Supplied material:

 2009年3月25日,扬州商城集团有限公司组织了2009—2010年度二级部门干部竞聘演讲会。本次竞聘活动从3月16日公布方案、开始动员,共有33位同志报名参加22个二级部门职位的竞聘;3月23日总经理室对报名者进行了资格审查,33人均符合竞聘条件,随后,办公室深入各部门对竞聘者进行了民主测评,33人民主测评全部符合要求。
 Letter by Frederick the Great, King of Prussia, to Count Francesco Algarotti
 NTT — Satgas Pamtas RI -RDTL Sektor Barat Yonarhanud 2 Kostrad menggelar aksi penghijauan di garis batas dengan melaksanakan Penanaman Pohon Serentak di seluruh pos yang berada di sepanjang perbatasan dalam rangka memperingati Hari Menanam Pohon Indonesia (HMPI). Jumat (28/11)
--
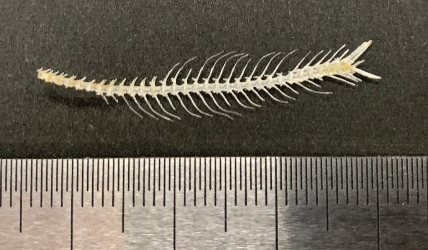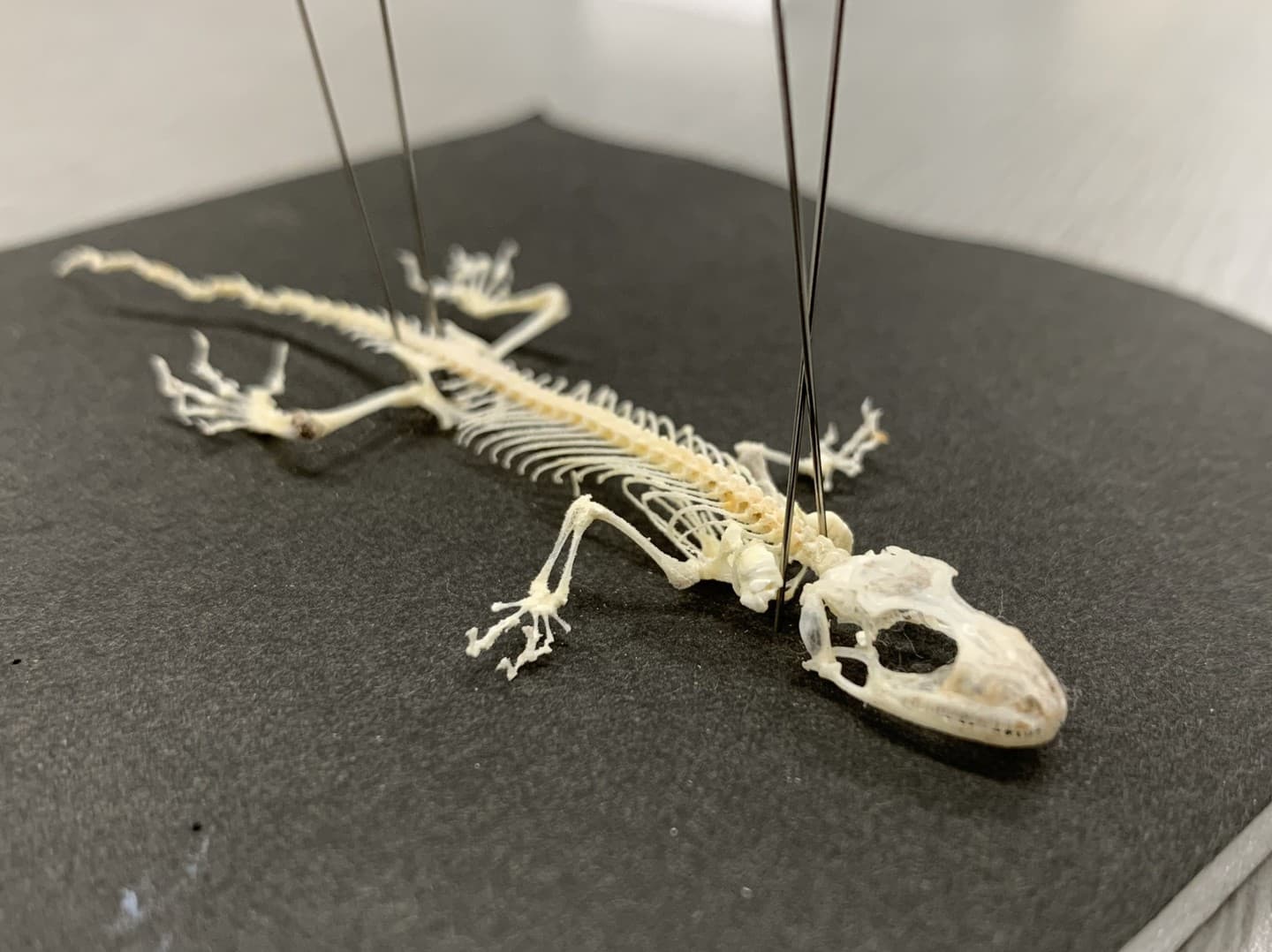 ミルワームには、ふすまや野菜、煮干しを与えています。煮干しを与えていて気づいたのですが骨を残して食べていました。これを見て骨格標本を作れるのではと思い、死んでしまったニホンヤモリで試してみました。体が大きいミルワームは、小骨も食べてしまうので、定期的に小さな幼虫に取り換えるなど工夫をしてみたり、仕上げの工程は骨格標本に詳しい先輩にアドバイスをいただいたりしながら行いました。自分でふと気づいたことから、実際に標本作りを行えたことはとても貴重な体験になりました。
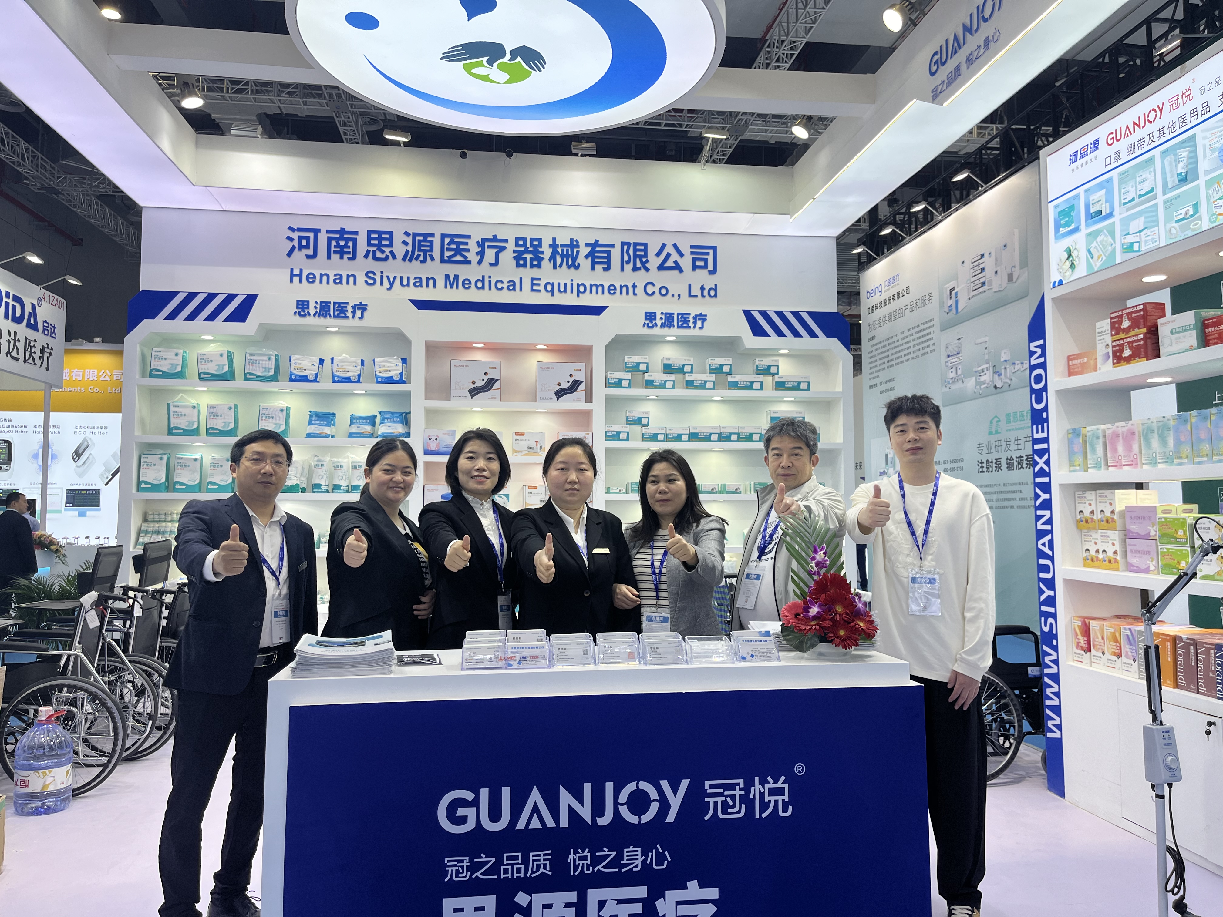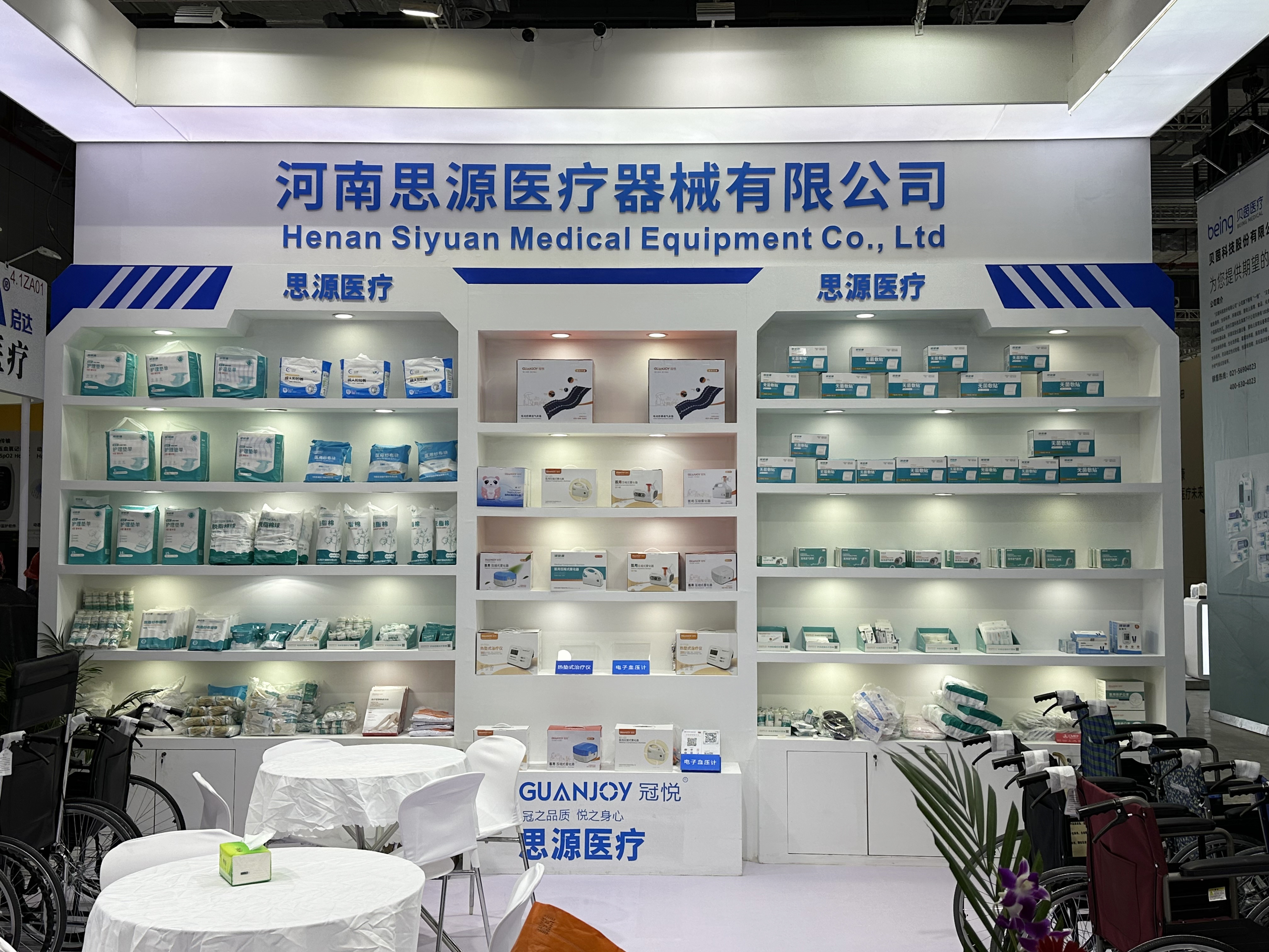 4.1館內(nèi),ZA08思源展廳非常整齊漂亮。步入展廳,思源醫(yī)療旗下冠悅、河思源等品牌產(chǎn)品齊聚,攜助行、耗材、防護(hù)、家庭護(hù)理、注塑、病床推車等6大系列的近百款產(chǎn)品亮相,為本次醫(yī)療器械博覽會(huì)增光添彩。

Your objective: From the listing above, output exactly the run of lines that starts with the line containing "2009年3月25日,扬州商" and ends with the line containing "Letter by Frederick".

Finished task:
 2009年3月25日,扬州商城集团有限公司组织了2009—2010年度二级部门干部竞聘演讲会。本次竞聘活动从3月16日公布方案、开始动员,共有33位同志报名参加22个二级部门职位的竞聘;3月23日总经理室对报名者进行了资格审查,33人均符合竞聘条件,随后,办公室深入各部门对竞聘者进行了民主测评,33人民主测评全部符合要求。
 Letter by Frederick the Great, King of Prussia, to Count Francesco Algarotti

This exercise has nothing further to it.